■ The problem: Transcribe, leaving out every picture, the lines that run from the start of the listing below through the line with "Allergiavapaasta materiaalista valmistettu".

START Available data

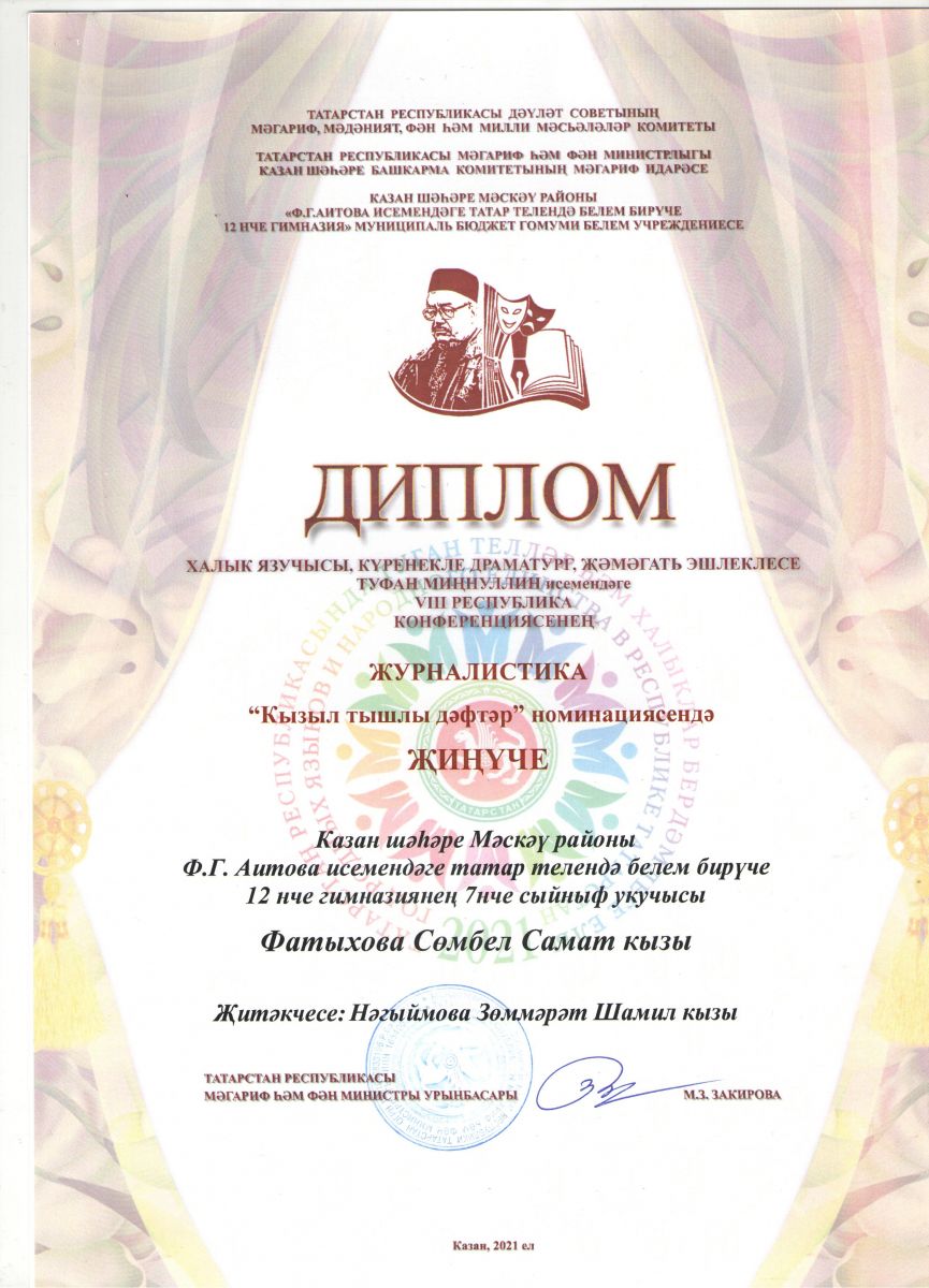 - Республиканская НПК имени Т.А.Миннуллина, 2021/ Номинация "Журналистика"/ Фатыхова Сюмбель - Победитель
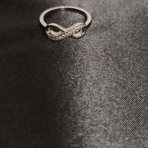Allergiavapaasta materiaalista valmistettu sormus, hopean värinen, sisähalkaisija 19mm.
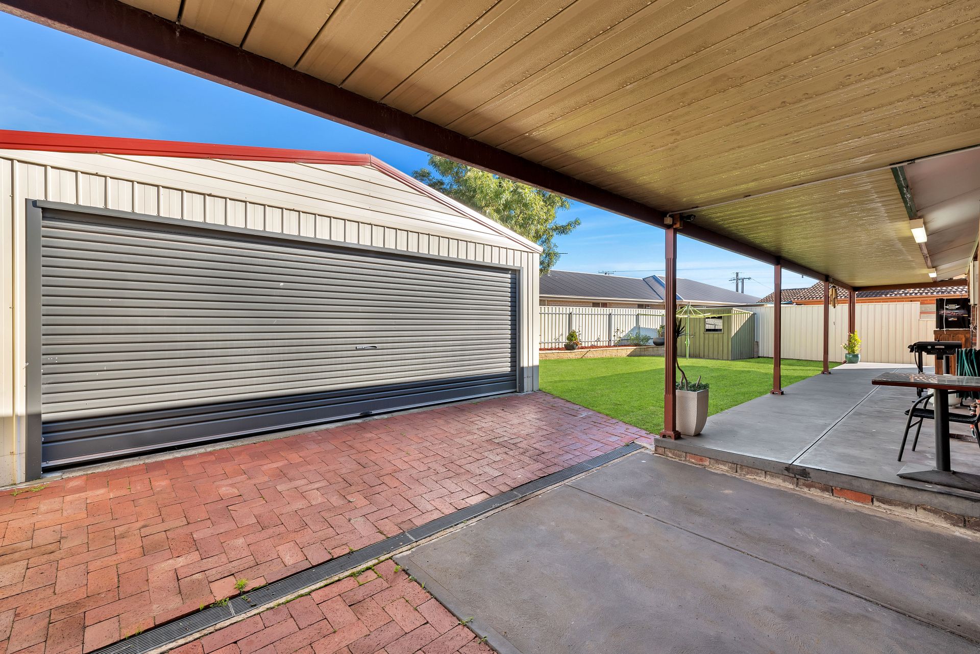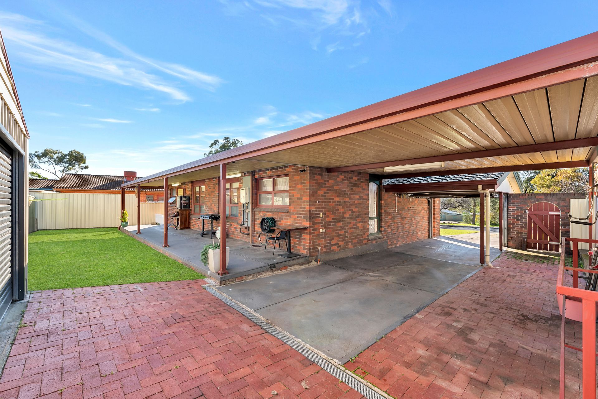 Large carports providing ample undercover parking for multiple vehicles with drive through access to large double shed for further secure parking or storage.

END Available data

■ Response to this exercise:
 - Республиканская НПК имени Т.А.Миннуллина, 2021/ Номинация "Журналистика"/ Фатыхова Сюмбель - Победитель
Allergiavapaasta materiaalista valmistettu sormus, hopean värinen, sisähalkaisija 19mm.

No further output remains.